III generation beta-blockers in the treatment of cardiovascular diseases

CC dossier

Savely Barger (MOSCOW),

cardiologist, candidate of medical sciences. In the 1980s, he was one of the first scientists in the USSR to develop a technique for diagnostic transesophageal cardiac pacing. Author of manuals on cardiology and electrocardiography.
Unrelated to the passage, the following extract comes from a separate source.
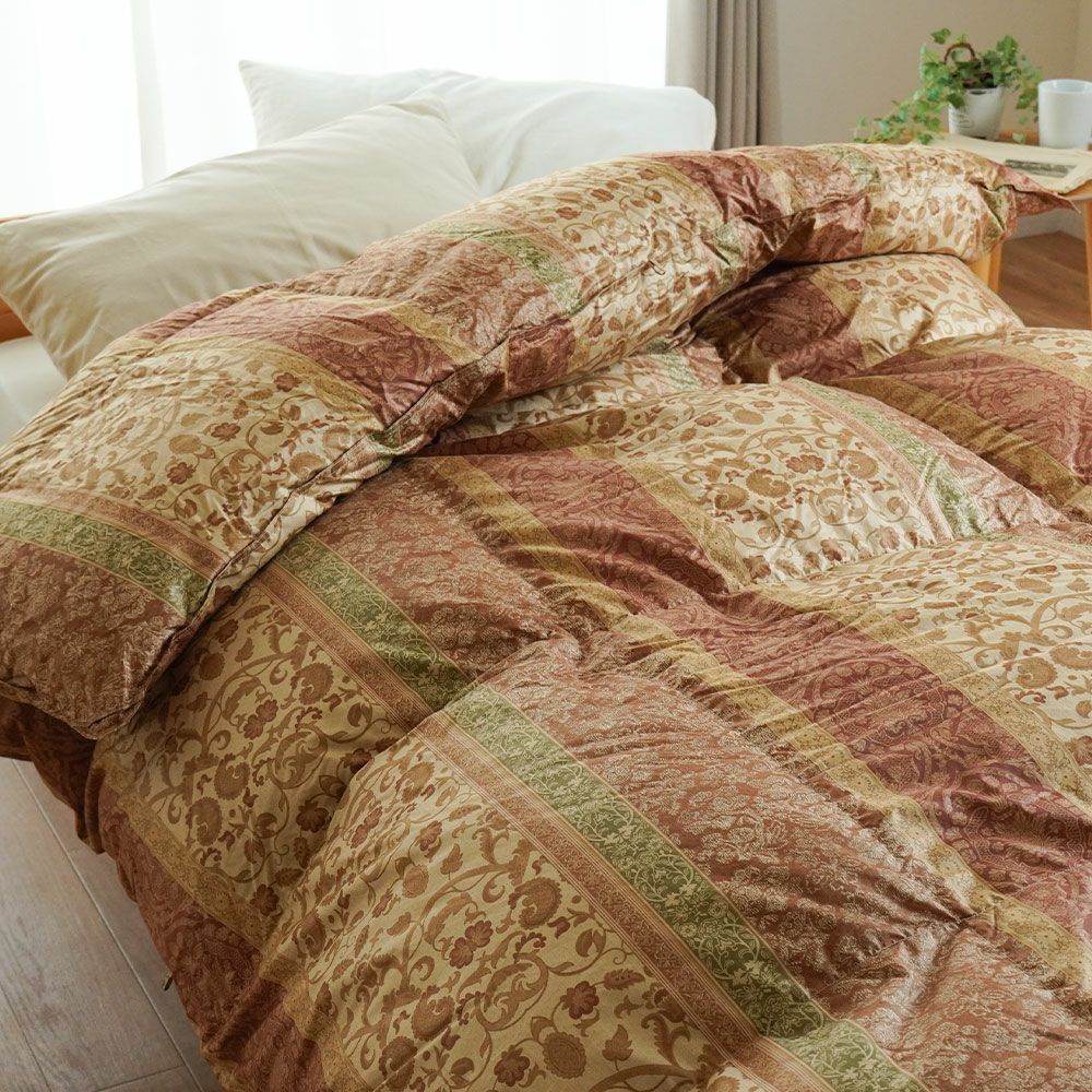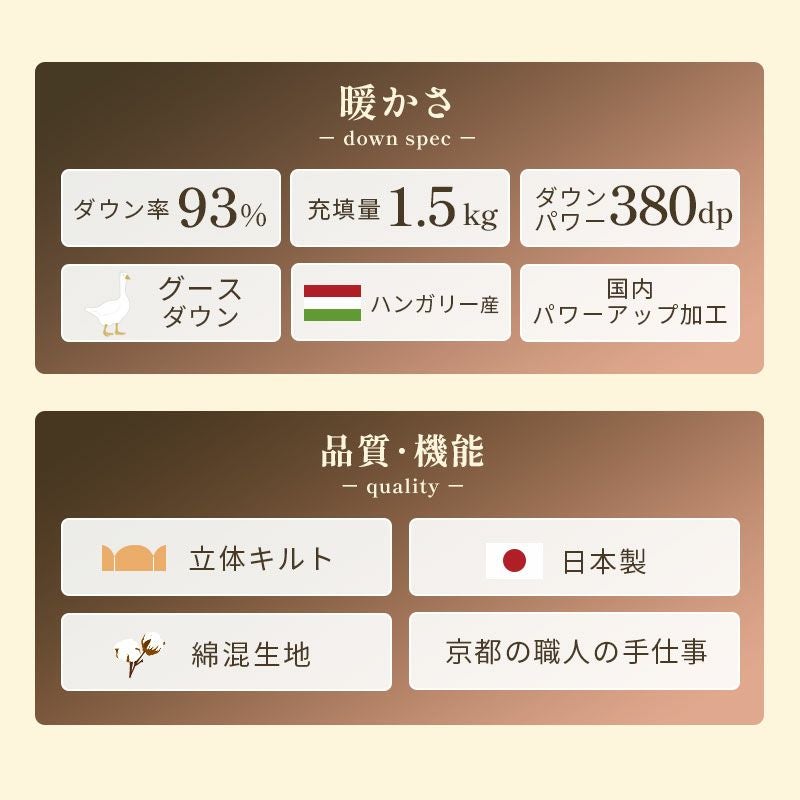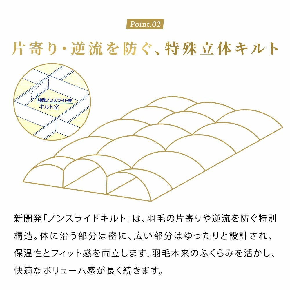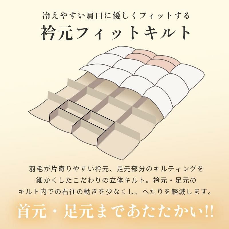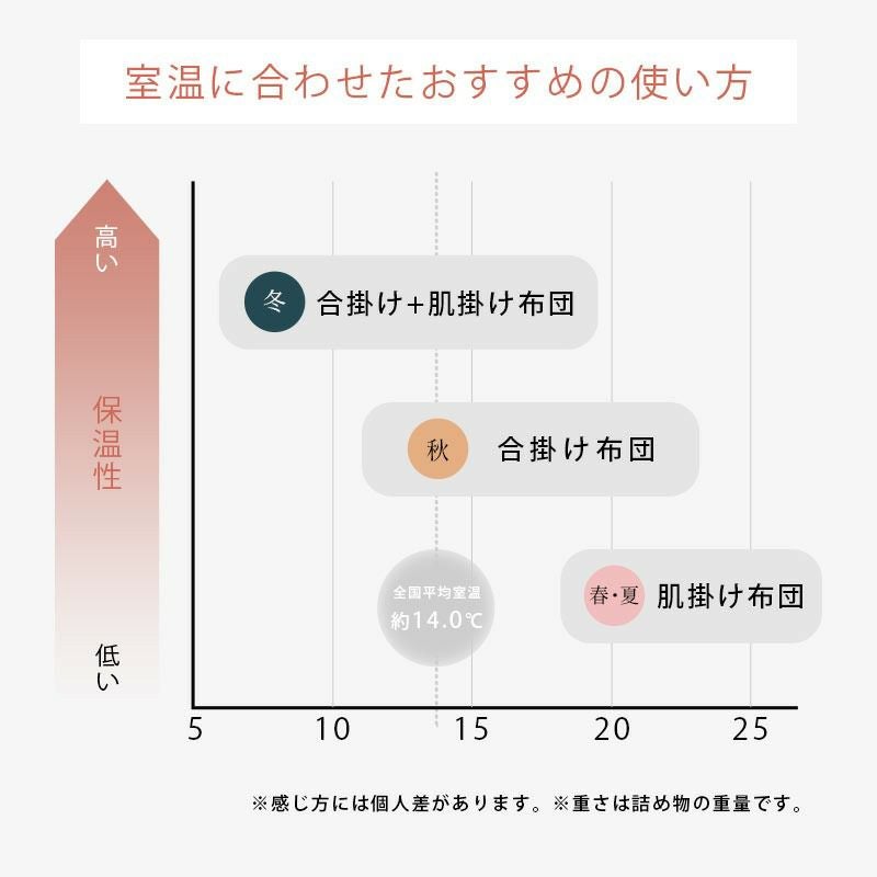 本掛けと肌掛けの間に位置する羽毛布団です。春や秋など少し冷える時期はもちろん、環境によっては冬でも十分お使いいただけます。真冬には肌掛け布団と合わせることでより温かく眠れます。長いシーズン活躍できる使い勝手の良い羽毛布団です。

He is the author of several popular books devoted to various problems of modern medicine.

It is safe to say that beta-blockers are first-line drugs for the treatment of many diseases of the cardiovascular system.

Here are some clinical examples.

Patient B., 60 years old, suffered an acute myocardial infarction 4 years ago. Currently, he is bothered by characteristic compressive pain behind the sternum during light physical exertion (with a slow pace of walking he can walk no more than 1000 meters without pain). Along with other medications, he receives bisoprolol 5 mg morning and evening.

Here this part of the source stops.